我正在尝试以某种方式组合这两个数据框,以便下面的新数据框包含行

  • 出现在“table1”或“table2”中
  • 在两个表中找到的不同行包含的计数值在“table2”中大于在“table1”中

这是我想要生成的预期输出数据帧。

+---------+------------+------+------+
|  Animal |   Owner    |count1|count2|
+---------+------------+------+------+
|   Dog   |     Bob    |   2  |   3  |
|  Turtle |     Joe    |   5  | null |
|   Snake |     Kim    | null |   6  |
+---------+------------+------+------+

出现在“table1”中而不出现在“table2”中(或出现在“table2”中而不出现在“table1”中)的行的计数值可以为“null”。

【问题讨论】:

    标签: scala apache-spark apache-spark-sql


    【解决方案1】:

    在 Spark 中尝试完全加入 filter 条件

    scala> var t1 = Seq(("Cat","Bob",3),  ("Fish" ,"Jerry" ,2),  ("Dog"  ,    "Bob",2),  ("Turtle" ,"Joe",5)).toDF("Animal","Owner","count1")
    
    scala> var t2 = Seq(("Cat", "Bob",2),("Fish","Jerry",1),("Dog" ,"Bob",3),("Snake","Kim",6)).toDF("Animal","Owner","count2")
    

    在数据帧 t1(table1) 和 t2(table2) 中应用 full join 并保留表中两个计数列的空行。

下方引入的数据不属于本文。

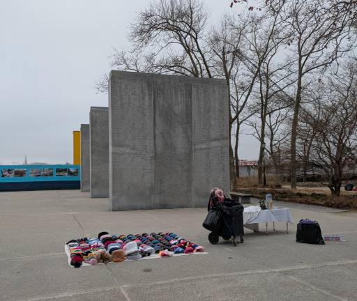 Wanna buy a bootleg Yankees hat or mango slices in the middle of the eight massive granite walls of the Maritime Memorial, honoring the 4,601 missing American servicemen who lost their lives in combat in the Atlantic Ocean during World War II?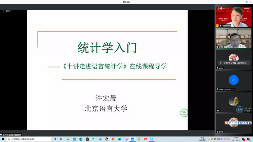 科学研究,统计先行。针对我校部分青年教师统计学基础薄弱问题,科研处和教师发展中心特邀北京语言大学许宏晨教授于2021年6月18日进行《统计学入门》线上讲座。该讲座也是我校购买的“教师发展智慧研修空间”众多在线课程之一《十讲走进语言统计学》的导学课。讲座由科研处马武林教授主持,吸引了学校青年教师、博士研究生和硕士研究生以及来自北外、上外、山东大学、西南科大等高校听众150余人。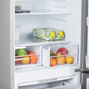 Полки в холодильной камере изготовлены из закаленного стекла и выдерживают нагрузку до 30 кг.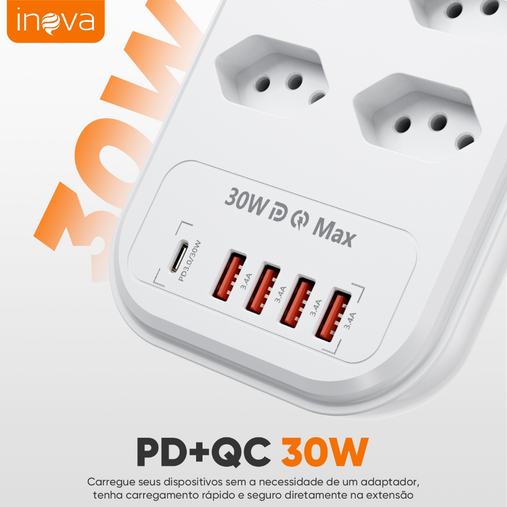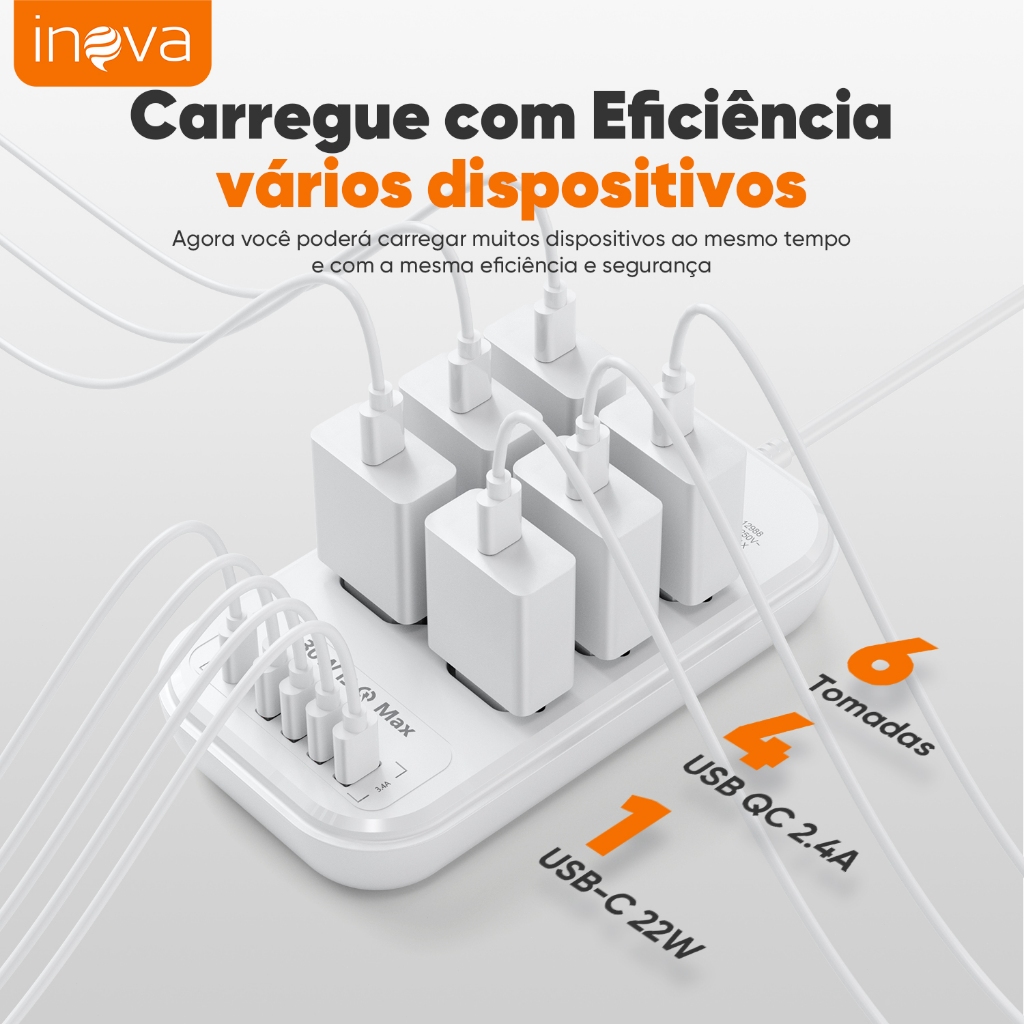 INOVA 2m Régua Filtro de Linha Filtro de linha com protetor contra curtos (DPS) 110/220V extensão de tomada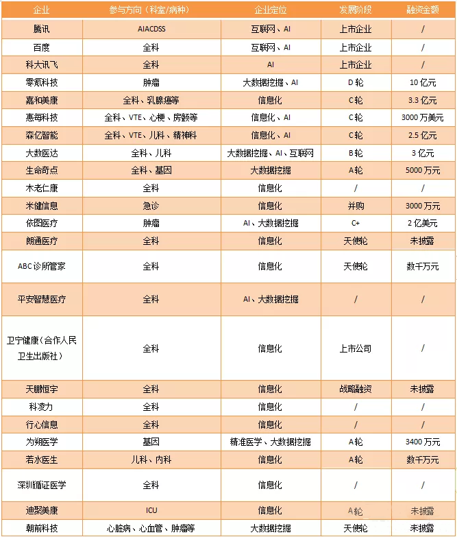 如果说前两项方向确定了CDSS发展的精度,那么第三项专科化则是拓宽了市场的宽度,也正因为此,诸多玩家正涌入其中。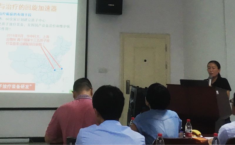 谭萍介绍了研究所发展概况。2001年,樊明武院士从无到有建立加速器学科,在华中科技大学培养了第一批该学科年轻的教师及学生,在2005年以后队伍逐渐壮大,成立了电磁理论及带电粒子研究中心,到2014年成立了应用电磁研究所。研究所成立以来,首先确立了基本的目标,即服务国家战略,瞄准学术前沿,面向社会经济,因此研究所不仅注重科研,也对社会上经济发展提供了一些帮助。研究所成立以来最成功的一件事是质子治疗的申报。项目在申报过程中得到了科技部、湖北省的大力支持,在承担了这一国家项目后,获批的研究经费为研究所的发展创造了一定的基石。现在多个项目研发团队相互配合,正在努力推动项目进展。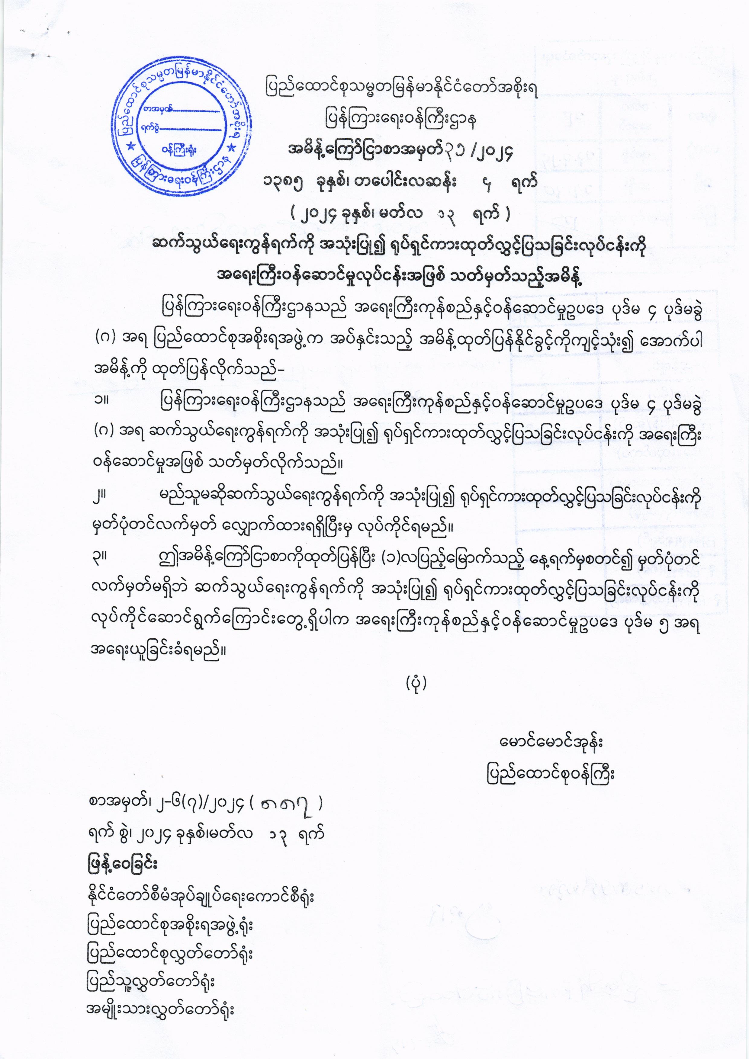 ဆက်သွယ်ရေးကွန်ရက်ကို အသုံးပြု၍ ရုပ်ရှင်ကားထုတ်လွှင့် ပြသခြင်းလုပ်ငန်းကို အရေးကြီး ဝန်ဆောင်မှုလုပ်ငန်းအဖြစ် သတ်မှတ်သည့်အမိန့် 03/15/2024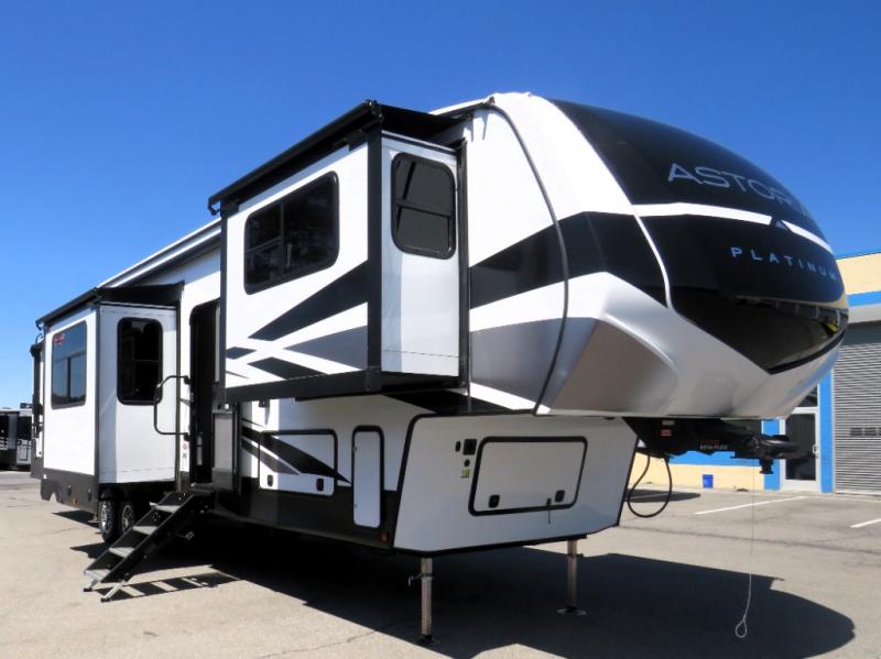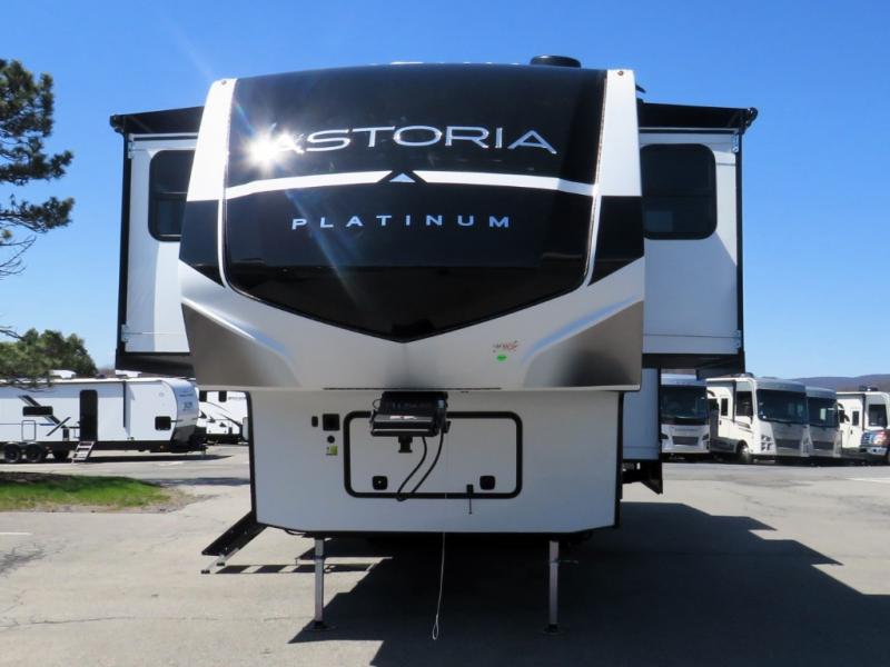 Each one of these Dutchmen RV Astoria Platinum fifth wheels feature a fiberglass exterior for added durability and an All Weather Thermal Package so you can camp all year long! There are also MorRyde Solid entry steps, slam latch baggage doors, and many more exterior conveniences. You'll enjoy a 200W solar panel for off-grid capabilities, an X1 back up camera for easy parking, and a power awning with LED lights for an inviting outdoor space. The interior is designed with bathroom backsplash, night shades throughout the living area, and Thomas Payne furniture collection. The on-demand tankless water heater will provide endless hot showers, and the dual ducted A/C will keep you cool all summer long.

    scala> t2.join(t1,Seq("Animal","Owner"),"full").filter(col("count2")>col("count1") || col("count2").isNull || col("count1").isNull).show
    +------+-----+------+------+
    |Animal|Owner|count2|count1|
    +------+-----+------+------+
    |   Dog|  Bob|     3|     2|
    | Snake|  Kim|     6|  null|
    |Turtle|  Joe|  null|     5|
    +------+-----+------+------+
    

    【讨论】: